Edited by Margery Post Abbott, Mary Ellen Chijoke, Pink Dandelion, and John William Oliver, Jr.
The Scarecrow Press, Inc., 2012, 574 pages
A curious incident occurs once a pastor graces the entrance of their new monthly meeting to which they are called to shepherd. Someone usually requests the pastor give a class on “What It Means to be a Quaker.”
Now this task is not necessarily a difficult one, however, most of the congregation — the pastor quickly finds — has been a Quaker for decades. The chore is in finding new, innovative and exciting material that will entice participation and learning.
Not wanting to disappoint, the pastor frantically searches to find new and innovative ways to teach an old and revered faith. To be quite honest, finding new books, new material and new ways to rekindle the Quaker experience is a plain, ordinary tough job!

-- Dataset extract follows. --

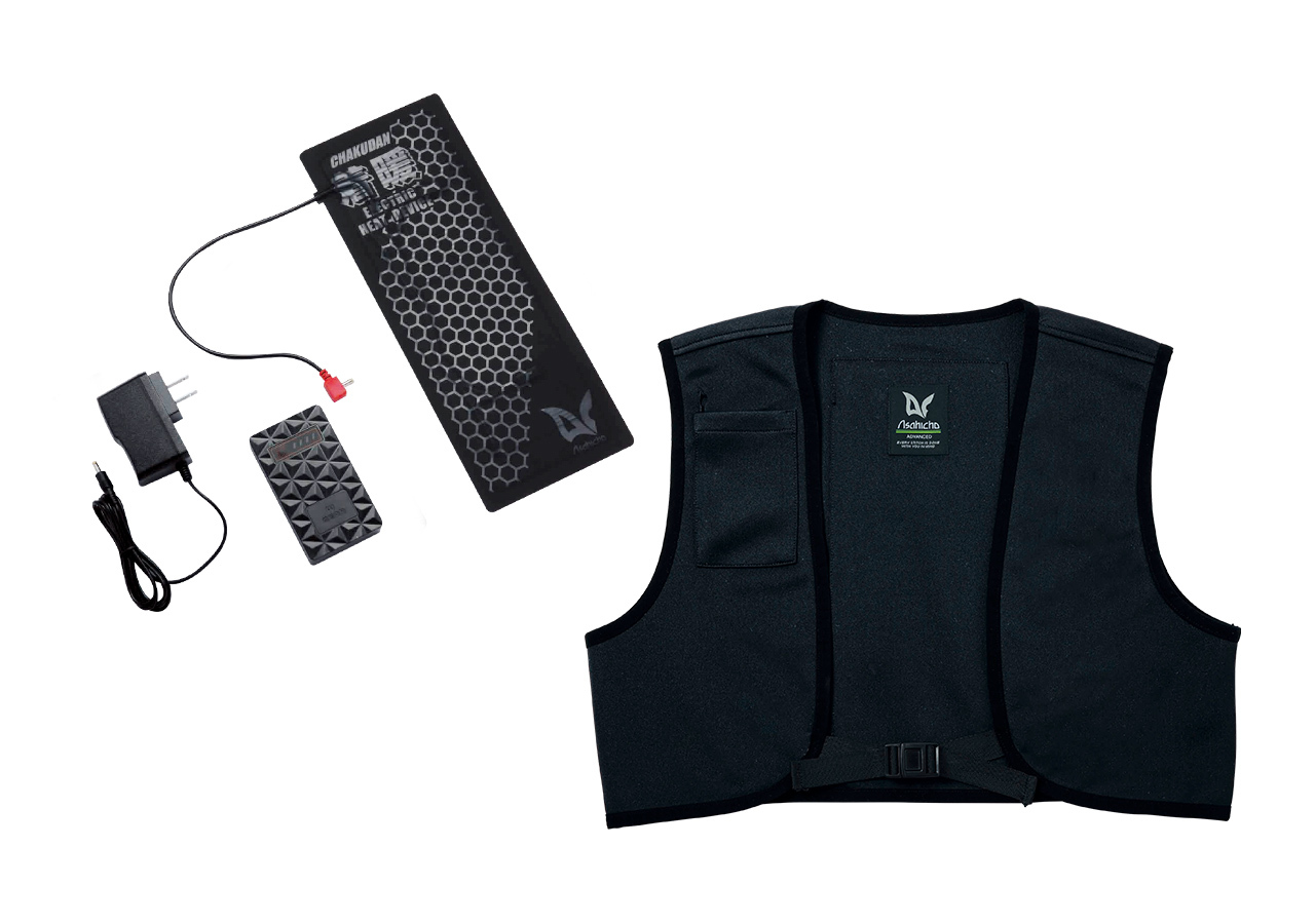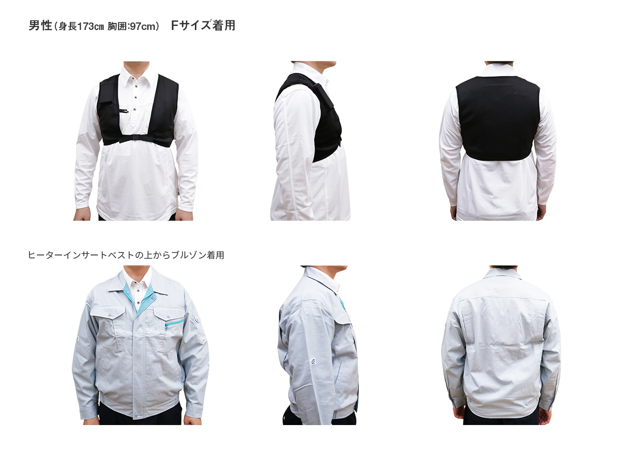 一方今回開発した着暖(R)ヒーターインサートベストセットはインナー型になっており、着用時の本体重量はFサイズで約300g(バッテリー・ヒーター装着)と非常に軽く、ストレッチ性にすぐれインナーとして快適に着用できるよう設計されています。

Imagine my surprise when I received a letter from The Scarecrow Press asking if I would want to review a copy of a new Quaker Dictionary. The letter promised this dictionary not only gave a brief history of Quakers, but, also had entries on concepts, significant figures, places, more. Immediately I answered their letter.
Two days later I received the book. Flipping through the pages, I found a plethora of ideas for future studies. Although this book is called a “historical dictionary”, it acts much like an encyclopedia providing an overview of each entry with just enough information to entice the seeker to continue their quest to dig more into the subject.
This book is a handy reference tool and a must have for busy pastors, Sunday school leaders and anyone who has even the most remote interest in Quakerism.